Crédits photos : Révolution Permanente

Le 21 novembre dernier, les aiguilleurs et aiguilleuses du Bourget démarraient une grève pour les salaires et les conditions de travail, contre les réorganisations et le manque de personnel. La grève a démarré sur des débrayages de 59 minutes aux heures de pointe, d’abord une, puis deux fois par jour. Avec le début du mouvement contre la réforme des retraites, la grève s’y est liée, et a combiné la grève de 59 minutes avec les temps forts de journées interprofessionnelles avec des taux de grévistes à 70-80%, puis avec une grève reconductible de 24h à partir du 7 mars.

Face à la détermination sur la durée et à l’auto-organisation des grévistes, la direction, qui se montrait jusqu’ici jusqu’au-boutiste, a dû céder et répondre à une grande partie des revendications, que ce soit sur les salaires ou les conditions de travail : les grévistes du Bourget viennent d’arracher l’équivalent d’un 14e mois de salaire, entre 1500 et 2000 euros par agent, en primes pour cette année.
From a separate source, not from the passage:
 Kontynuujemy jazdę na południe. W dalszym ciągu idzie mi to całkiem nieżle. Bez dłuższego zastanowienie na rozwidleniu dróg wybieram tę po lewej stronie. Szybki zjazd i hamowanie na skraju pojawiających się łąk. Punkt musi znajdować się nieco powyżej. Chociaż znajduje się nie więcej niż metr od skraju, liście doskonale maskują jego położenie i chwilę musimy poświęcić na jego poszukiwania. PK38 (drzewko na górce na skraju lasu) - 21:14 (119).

Ils ont aussi obtenu des créations de poste qui permettront de répartir la charge de travail.

Une grève pour les conditions de travail et pour les salaires

Au Bourget, la grève s’inscrivait dans un contexte d’inflation et de colère profonde qui commençait à émerger dans le secteur, provoquée par les marques de mépris reçues par les travailleurs « essentiels » depuis la sortie de la crise du Covid que ce soit par le gouvernement ou la direction de la SNCF. Pour Morad, qui travaille depuis 17 ans à la SNCF : « Nous sommes la France d’en bas et c’est cette France d’en bas qui a soutenu l’économie pendant le Covid, avec Macron qui parlait des ouvriers ‘en première ligne’. Il y a eu un clivage entre les directions et les agents en première ligne. »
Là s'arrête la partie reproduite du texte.